Including moving Pulford out of the front office?

"I've been in hockey since 1955," Pulford says. "I was probably obsolete. It's time to move on."

For his part, Rocky insists the changes were merely an urgent response to a dire situation. "My father was a superb businessman and he did what he believed was right for the team. But what he really was adamant about was moving the business ahead," the son says. "So how we get there is going to be different, but he'd be quite happy with the way things are going." Of course, he adds, "if he was living, I couldn't have done it."

 

From behind the iconic desk his grandfather used to build an empire, Rocky Wirtz fields calls on a recent late summer afternoon. The office these days is warm and comfortable rather than subarctic. Stacks of paper clutter the famous desk—something Rocky realizes Arthur would never have tolerated. But it's a different day, different style.

If there is any doubt, one need merely look at the next generation of Wirtzes, namely Rocky's son, Danny, the potential heir to the Blackhawks throne. While the business backgrounds of Arthur, Bill, and even Rocky were all formed in the crucible of buttoned-up tradition, Danny came to the family trade through the Web-world byways of Generation X. He has a resumé that includes stints in music promotion and Internet marketing. The summer after graduating from college, he traveled the country with the band Ministry as an assistant tour manager—a time, he laughingly recalls, "when I had different color hair and wasn't exactly the clean-cut kid my father remembered, but even then he was tremendously supportive." Today, Danny is an executive with Judge & Dolph, and, like his old man, and his grandfather before him, a passionate fan of the Blackhawks. He was present that night at the United Center, when the fans booed Bill's eulogy, but prefers, as does the rest of the family, to remember the funeral services at which thousands lined the block to pay their respects. Bearing the Wirtz name hasn't always been easy, he admits. "We've been through a lot," he says. "But we're riding a pretty good wave. I'm just so proud that [my father] was able to make these decisions and that he's getting such recognition for it. He's having a great time with it, which is the best part."
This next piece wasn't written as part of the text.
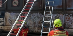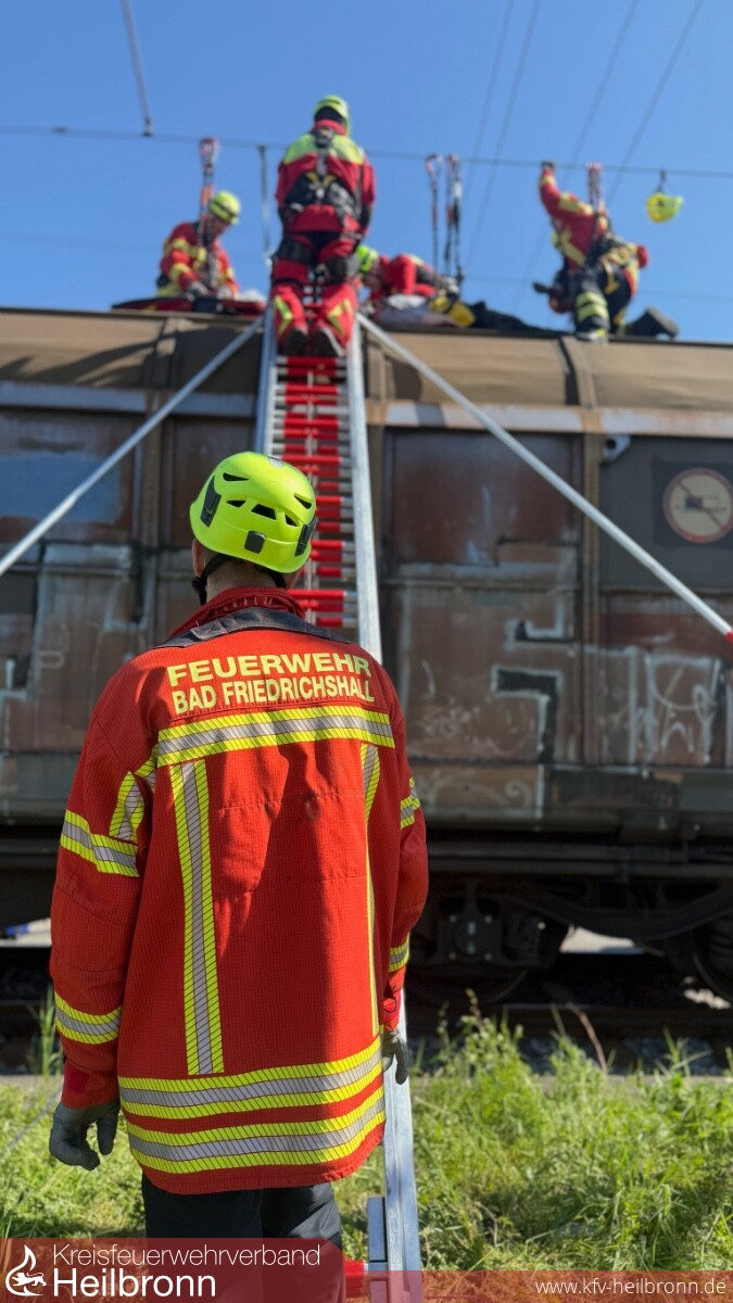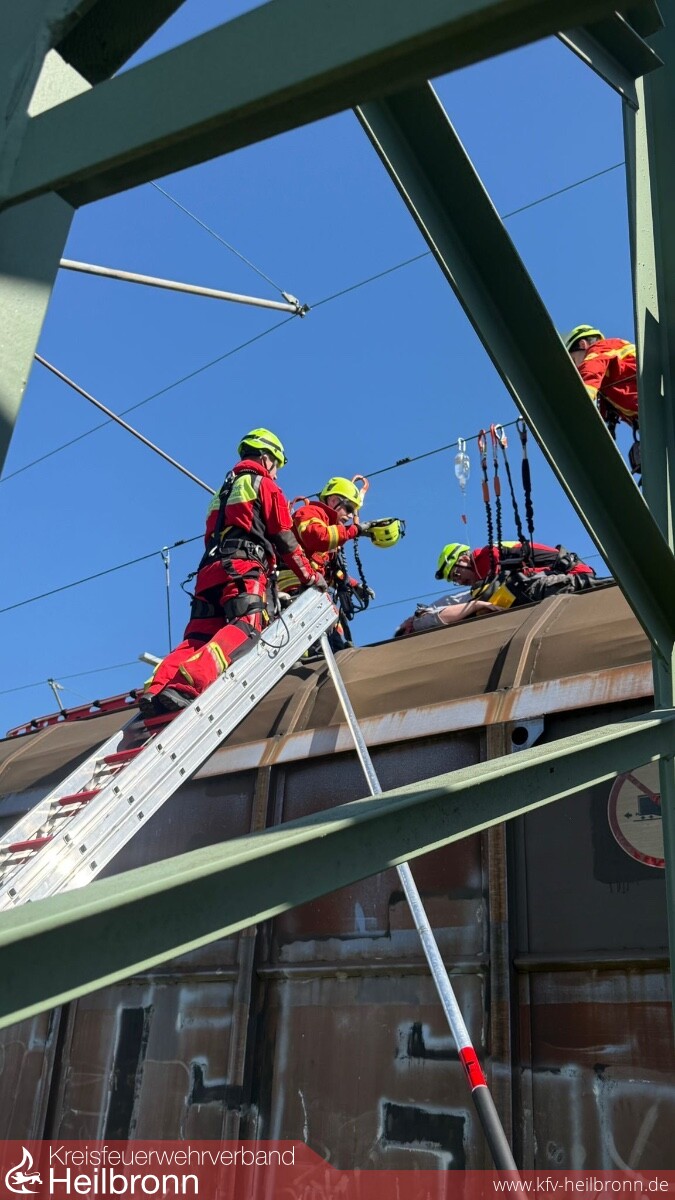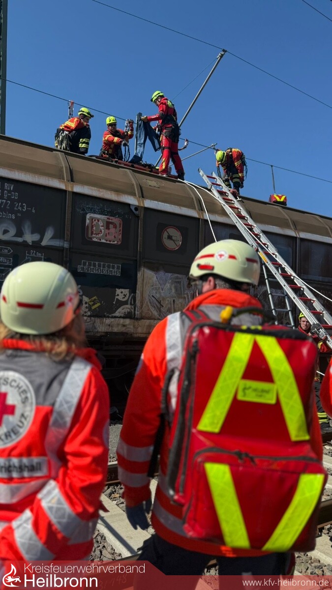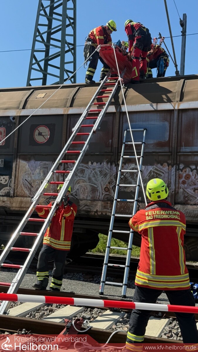 Die Rettung der Person auf dem Waggon erfolgte anschließend durch die Fachgruppe ERHTWE, welche die Person schonend vom Dach des Güterzuges rettete.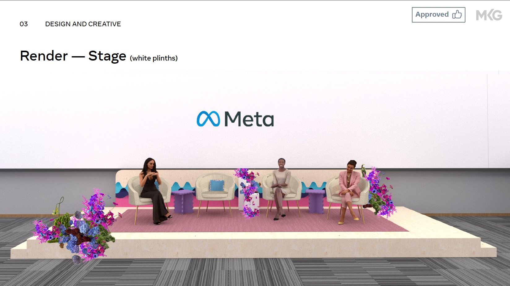 To design a space that inspires connection between the most amazing list of women attendees. Using Meta IWD brand guidelines, staying visually parallel to the London event to maintain consistency and creating multiple points of interaction leading up to the speaker series.

On the day I met Rocky in his office, I asked him what it was like to be perceived so differently from his famous forebears, to be cheered when he walks into the United Center, to see the smiles of the staff and hear the accolades pouring in, to hear the Wirtz name, for the first time in decades, praised in connection with the team that has defined the family and his father's legacy.

In the day's morning light, slanting through the window of the office, his office, he thought for a moment, then said, with that sideways, conspiratorial glance, "It beats getting booed."